# Bib short options



## lightning33

Currently use Castelli Free Aero Race bib shorts, which are also my first and only bib. Looking for a second pair and thought about branching out. So, thoughts on the following?

Giordana Silverline (an older model on closeout) ($60)
Pactimo Ascent Vector or Flash ($87 or $75, respectively)
Gore Oxygen 2.0 Bib+ ($87)

Thanks!


----------



## bronco71

$40

https://www.theblackbibs.com/

Good quality, comfortable, good value.


----------



## BCSaltchucker

Was using Assos, then switched to Funkier which I never really liked. Then I took a flyer ordering some bib shorts from Aliexpress. weirdly those have been the most comfortable bike shorts in the 40 years I've been wearing bike shorts. Ordered 3 more and 3 winter tights and about 10 jerseys. each item around ... $16 per. Even had 3 jerseys custom printed .. $20 per jersey incl sublimation printing with my artwork images.

i do not give a **** about brands and labels though. most cyclist do seems to care bout that it seems ... eg my wife. The money I save on bike clothing, gets spend on her Rapha stuff!


----------



## n2deep

Voler has Great Bibs Be patient and catch them on sale. Plus made in the USA.


----------



## lightning33

n2deep said:


> Voler has Great Bibs Be patient and catch them on sale. Plus made in the USA.

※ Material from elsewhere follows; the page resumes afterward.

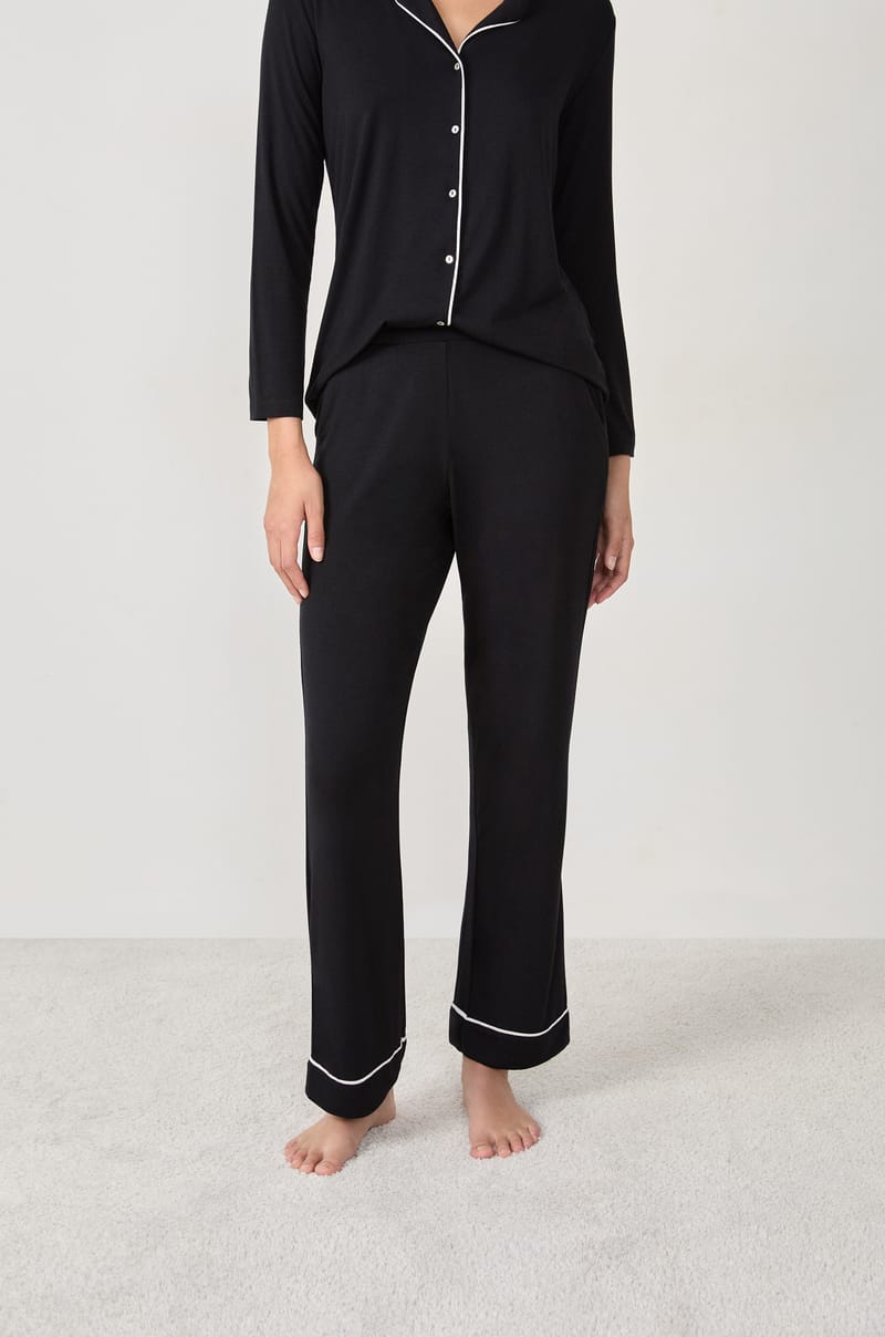 Elégance et délicatesse... Ce pantalon de pyjama dévoile une couture blanche sur le bas des jambes et une coupe ample po...

Any model/line in particular?


----------



## MMsRepBike

What size are you?

How tall and how much weight?


----------



## lightning33

6’3” and 215ish....

I wear XXL in Castelli Free Aero.


----------



## 9W9W

lightning33 said:


> 6’3” and 215ish....
> 
> I wear XXL in Castelli Free Aero.


You be a pefect XL in Hincapie. I'm 10 pounds heavier and Hincapie's XL's are great, but the straps are a bit long on me at 6' even. I know you're not looking, just extending the dialogue to give insight on a different brand for OP.


----------



## MMsRepBike

https://www.assosfactoryoutlet.com/assos-neo-pro-bib-shorts-black/

I can suggest these in probably an XLG over the vast majority of other options.










Great price right now of $75. Retail is about $200.


----------



## lightning33

I’ve never really considered Assos before because of the price and therefore the stigma attached to them. At 75, they are very doable, but are they really that good? Are they better than others simply because Assos or are they just more expensive because Assos?


----------



## DaveG

lightning33 said:


> I’ve never really considered Assos before because of the price and therefore the stigma attached to them. At 75, they are very doable, but are they really that good? Are they better than others simply because Assos or are they just more expensive because Assos?


I cannot speak to the lower end Assos but I have a pair a S5 F1 Mille bibs and they are very nice (got them from the outlet store as well). Fit and quality are outstanding. That said, I think my favorite bibs overall are Sportful Total Comfort. However, those are about double the price of the bibs you mentioned. I have used Giordana Silverline bibs in the past and liked them but I imagine the design has changed since then. At ~$80 or so I really like the Bellwether Forma bibs. Great chamois and the durability has been very good


----------



## MMsRepBike

lightning33 said:


> I’ve never really considered Assos before because of the price and therefore the stigma attached to them. At 75, they are very doable, but are they really that good? Are they better than others simply because Assos or are they just more expensive because Assos?


I wouldn't recommend them if they weren't tops.

I don't care about brand names. And I don't even want to wear Assos or pay for it myself.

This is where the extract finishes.